The second thing Walsh gets badly wrong is claiming Wright is somehow damning America's "fundamental principles." In fact, Wright's condemnation is clearly conditional. Hell, it's right there in the clip everyone has seen: "God damn America," Wright says, "for killing innocent people," "for treating her citizens as less than human," and "as long as she thinks she is supreme."

And Wright doesn't single out the American government for condemnation. He rolls out a long, though still incomplete, list of governments throughout history who failed and oppressed their citizens, from the ancient Romans, to the imperial British and Japanese among others. But this is, in many ways, a worse slight to the liberal exceptionalists, who believe in America as the transcendent apotheosis of the Enlightenment, able to surpass the petty prejudices of the dusty past.

And I'm on the left. I know huge chunks of it are true. But Wright casts his critique in such an extreme way that the possibility of redemption, the evidence that America can and has and will change for the better, is never considered.
Here comes the predictable Sensible concern trolling. Why don't you mean hippies ever talk about the good news in Iraq America? St. Barack has even said America is the last best hope for the planet; I suppose we need to listen to his message of change so we can become even more perfect!

This is why the liberal flavor of exceptionalism is often more dangerous than the conservative variety. At least the right-wingers will admit the true calling of America is to be a patriarchal white supremacist Christian empire. Liberals think America is just an abusive husband who's always sorry afterward, and they just can't wait to forgive him.

Walsh predictably plays the vapid righty "blame America first" card, then goes on to say.

The long excerpt from Wright's Sept. 16, 2001, sermon was maybe the most disturbing. He compared al-Qaida and Osama bin Laden to African slaves who led slave rebellions in the U.S. He linked the 9/11 hijackers with every decent kind of global freedom-fighter. He linked the killing of American civilians on 9/11 to Americans killing civilians from the Indians to Hiroshima to Bill Clinton's bombing of Sudan to retaliate against al-Qaida in 1998. I deplore all of those civilian killings as well, but 9/11 was indefensible. And to the extent that American foreign policy has played a role in the rise of al-Qaida, and it certainly has, anyone who wasn't a tone-deaf, tin-eared lefty opportunist looking for any chance to push their "analysis" of American evil knew that 9/16 wasn't the time to talk about it persuasively.
I'll give Walsh a little bit of credit here.
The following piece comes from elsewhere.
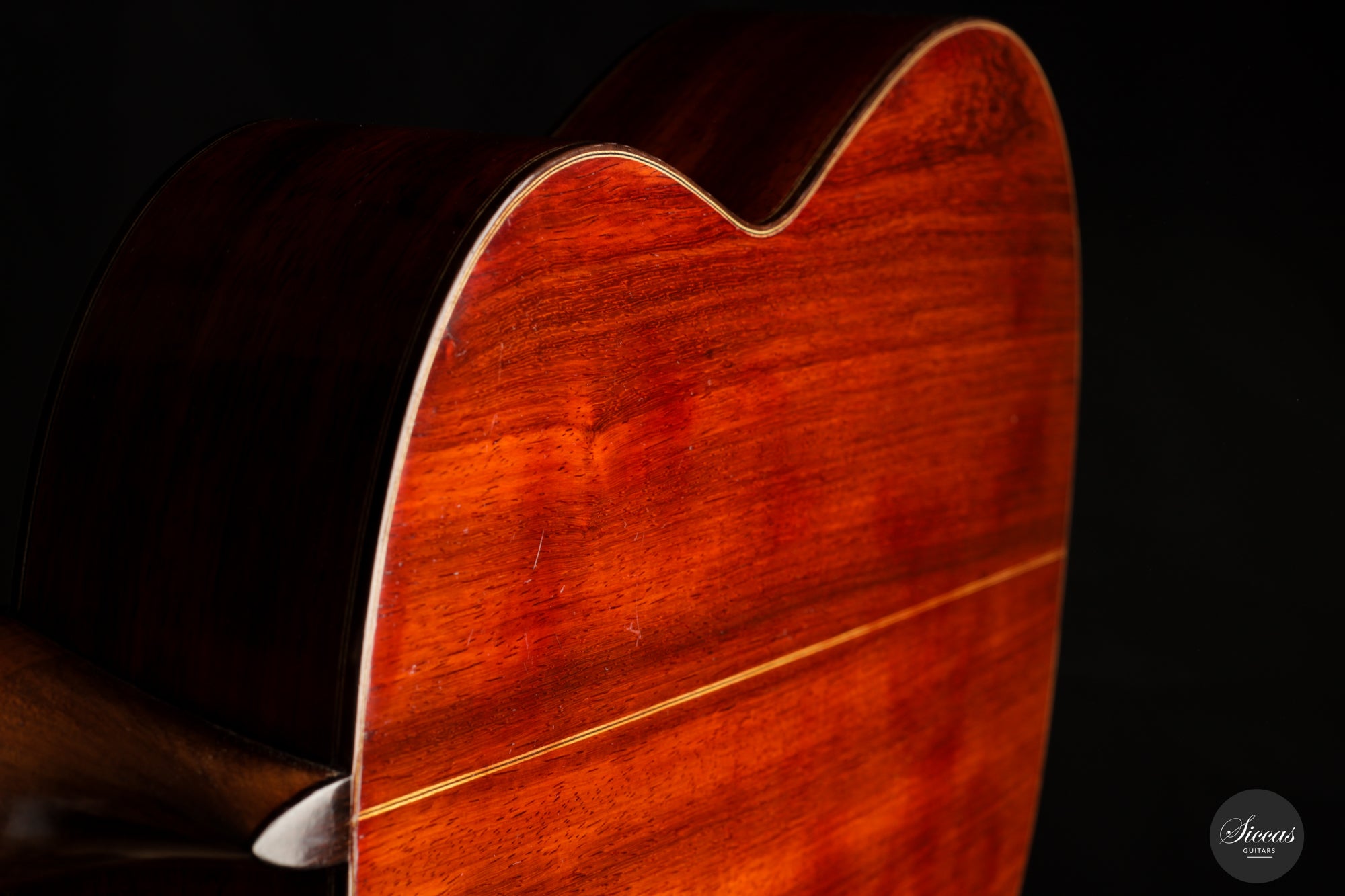 Trotz ihres Alters bleibt diese Gitarre in sehr gutem Zustand, ein Zeugnis für die Qualität ihrer Konstruktion und die Pflege, die sie im Laufe der Jahre erhalten hat. Der einzelne reparierte Riss zwischen dem Schallloch und der Brücke mindert weder ihre Schönheit noch ihren Klang, sondern fügt der Geschichte der Gitarre hinzu und markiert ihre Reise durch die Zeit.

At least she is reasonable enough not to buy the idea that 9/11 was a bolt out of the blue which no one could have predicted, instigated by fanatics who "hate us for our freedom." And she acknowledges that, before and since, the United States has been dealing out plenty of senseless civilian casualties which far eclipse the numbers of 9/11. But she waves them away with nary an explanation, suggesting that they are somehow "defensible," though she offers none.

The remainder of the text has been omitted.